No matter how you look at it, this year's Astros are terrible
They are the worst team in baseball.
Their fans know it and stay away in droves.
The players are not stupid. They see the standings confirm as much.
Maybe there is hope for the Houston Astros, but at this point it's all in the future. None of that is any consolation for the present, even to those putting that sad team together.
In the short term a win would be nice, just one.
The idea was to publish this commentary weeks ago. That was before the team shed payroll and production prior to non-waiver trade deadline , before the Astros were not evoking comparisons to the worst Major League Baseball team in history, before the franchise set a low for attendance at Minute Maid Park.

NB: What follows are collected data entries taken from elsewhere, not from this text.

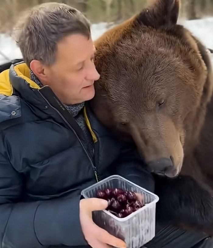 【引用:Youtube@AnimalHustle518】時が経って立派なクマに成長した彼は、今でも自分を救ってくれた人々と深い絆を分かち合っている。飼育員と思われる男性の腕に抱かれ、安心感と愛情を表現するクマの姿は、単なる野生動物と人間の関係を超えた家族のような絆を示している。人間が与えるチェリーを食べるクマの表情は、平和そのものだ。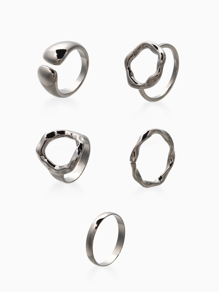 Набор колец 5 шт "Новый стиль" мятый, размер МИКС, цвет серебро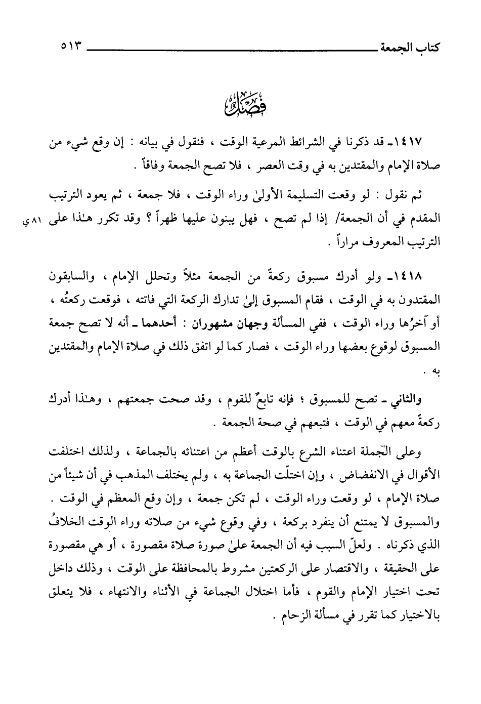 1418 - ولو أدرك مسبوق ركعةً من الجمعة مثلاً وتحلل الإمام، والسابقون المقتدون به في الوقت، فقام المسبوق إلى تدارك الركعة التي فاتته، فوقعت ركعتُه، أو آخرُها وراء الوقت، ففي المسألة وجهان مشهوران: أحدهما - أنه لا تصح جمعة المسبوق لوقوع بعضها وراء الوقت، فصار كما لو اتفق ذلك في صلاة الإمام والمقتدين به.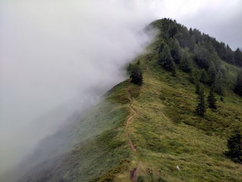 V rámci aklimatizace jsme využili poprvé v životě letní karty a vozili se lanovkou z kopce a na kopec, kde jsme se pak procházeli v dešti, sněhu, oparu, mlze, ale nakonec za odměnu i sluníčku. Porušili jsme tak u nás železné pravidlo, že se může lanovkou jet jen dolů.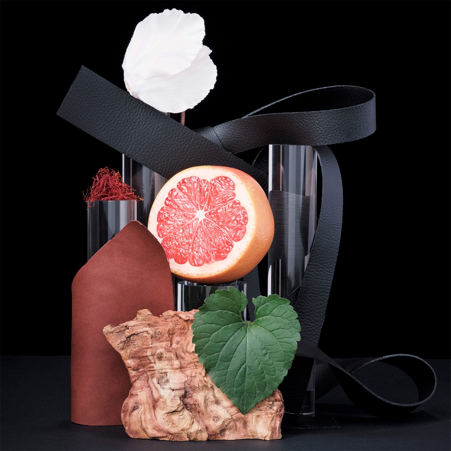 Mandarina, Hojas de violeta, Nuez moscada, Raíces de Angélica, Madera de Cachemira, Notas de cuero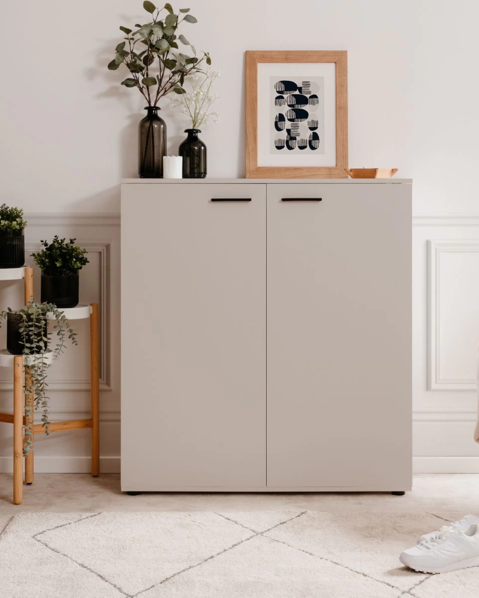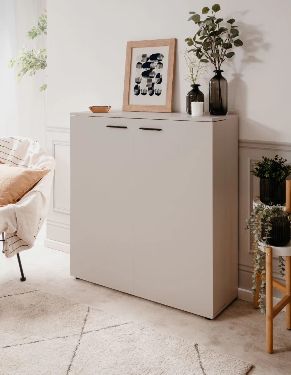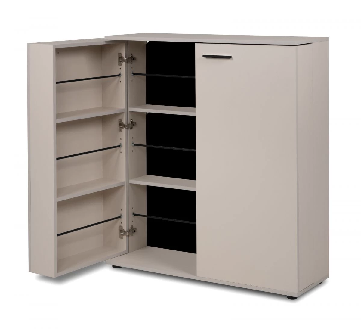 Der elegante Schuhschrank „Satos“ von Finori bietet Platz für bis zu 24 Paar Schuhe. Mit seinem Samtfarbe Dekor und den Griffleisten in Silber ist er nicht nur praktisch, sondern auch ein echter Hingucker. Die 12 Fächer, die sich auch in den beiden Türen befinden, sorgen für Ordnung und Übersichtlichkeit. Mit seinen Maßen von 100 x 110 x 34 cm findet der Schrank in jedem Flur einen Platz. Der Schuhschrank „Satos“ – ein Must-Have für alle Schuhliebhaber!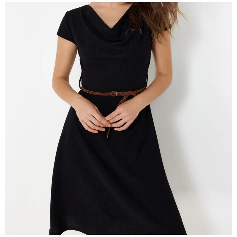 женское платье черного цвета. короткая без карманов, без подкладки с поясом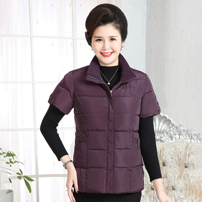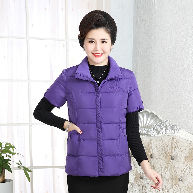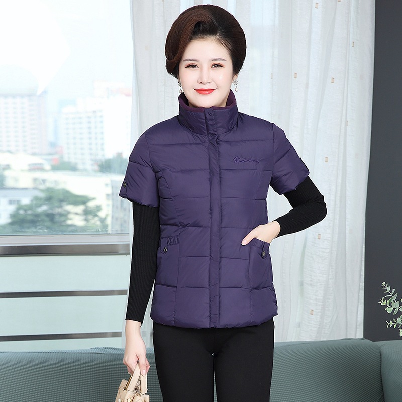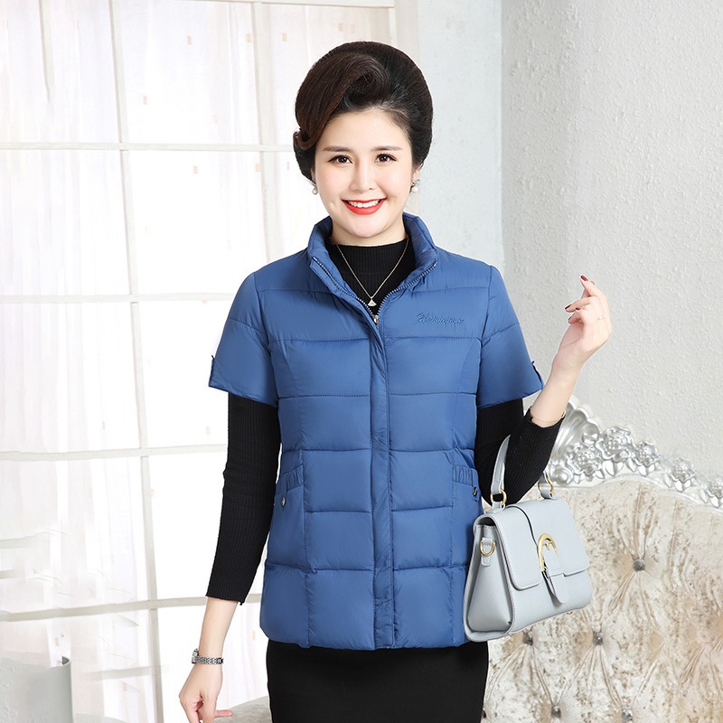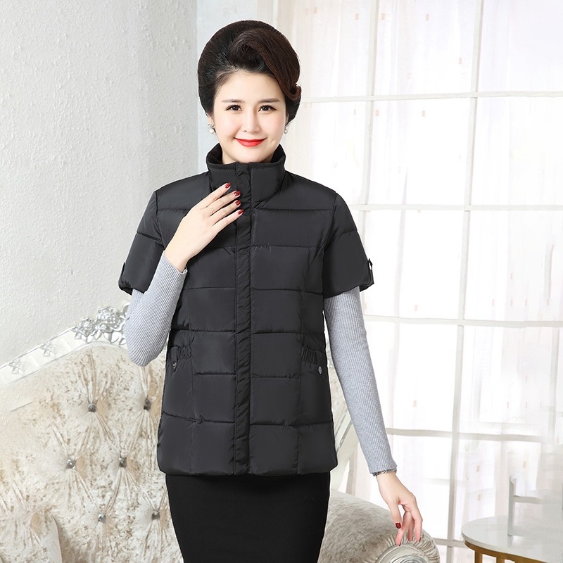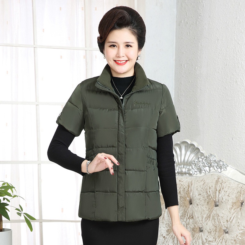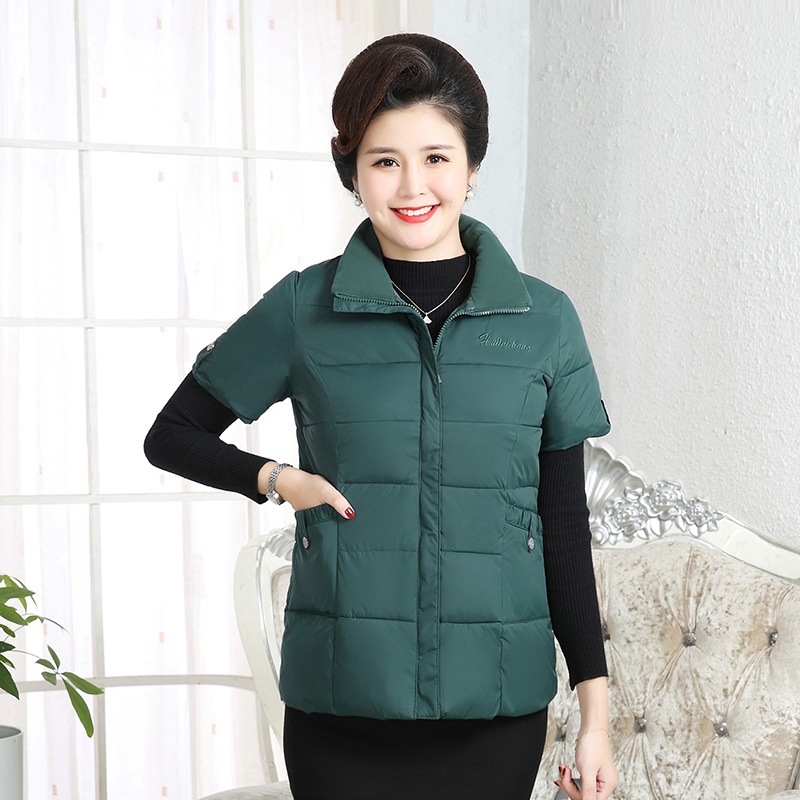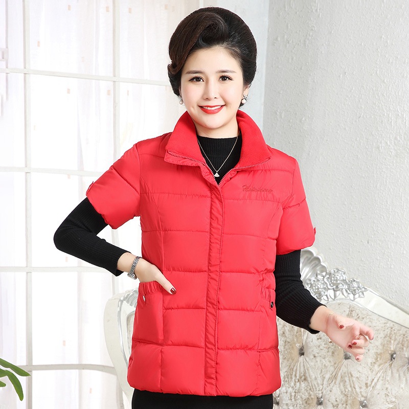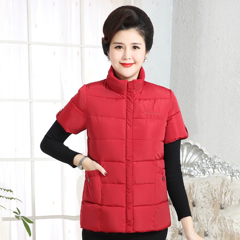 Осенне-зимняя одежда для мам Домашний жилет с подплечником и воротником Теплый жилет больших размеров Зимняя утепленная куртка с короткими рукавами и хлопковой подкладкой для людей среднего и пожилого возраста

"I'm not happy with the results that we're fielding right now and I want to make sure that we can do everything we can to improve the team in the short term," Astros general manager Jeff Luhnow said last month after the team announced its trade of pitching ace Wandy Rodriguez. "I think we've done a lot to take care of the long-term and now its time to start focusing on what we can do to help this team in the short term."
At this point the team needs all the help it can get.
Through Friday, the team had a lower winning percentage (.328) than the team that lost 106 games last year. A once successful and proud organization plays in a stadium that has become a de-facto ghost town. Perhaps only NASA has fallen on harder times than the Astros.
It's the minute things that demonstrate the decline, more than the losses.
Last month, when I watched the team face division-leading Cincinnati, it was apparent the team does pregame stretches mostly individually, and trickle out to the field in the top of the first inning. Other times its base running miscues, or bobbling routine grounders.
There are some decent pieces. The problem is there are not enough of them.
Jed Lowrie and Jose Altuve are a good double play combination. But, the oft-injured Lowrie hasn't played since July 14 with an ankle injury.
Lucas Harrell has pitched well for periods this season, especially since the All-Star break. Relievers Wilton Lopez and Wesley Wright are young, cheap, and under club control for four more seasons.
All of those players are under club control for at least three seasons and might make the nucleus of a team that can avoid last place.
Perhaps there is hope for the future. Not solely because every minor league affiliate above Rookie ball has a winning record.
Lunhow noted the organization spent nearly $10 million in amateur signing bonuses. Throw in the pieces received in the Carlos Lee (July 4), Brandon Lyon/J.A. Happ (July 20), Brett Myers (July 21), Chris Johnson (July 29) and Rodriguez deals, and the club might no longer be called the Lastros, AAAstros, and other derisive terms.
Tuesday's 10-1 win in Chicago was just Houston's 12th since summer officially began. It means comparisons to the 1899 Cleveland Spiders are no longer in play. The Spiders were the worst team in MLB history when they went 20-134.
The Astros' three wins this week equaled their win-total since the All-Star break, a stretch of futility that had only been equaled by - yes, those infamous Spiders.
Before the optimism, or the prospects or the fans flock to Minute Maid Park, the wins have to return. Unfortunately for those brave enough to stomach the bad baseball, they might be waiting a while.
Will Brown is a sports reporter for the Victoria Advocate.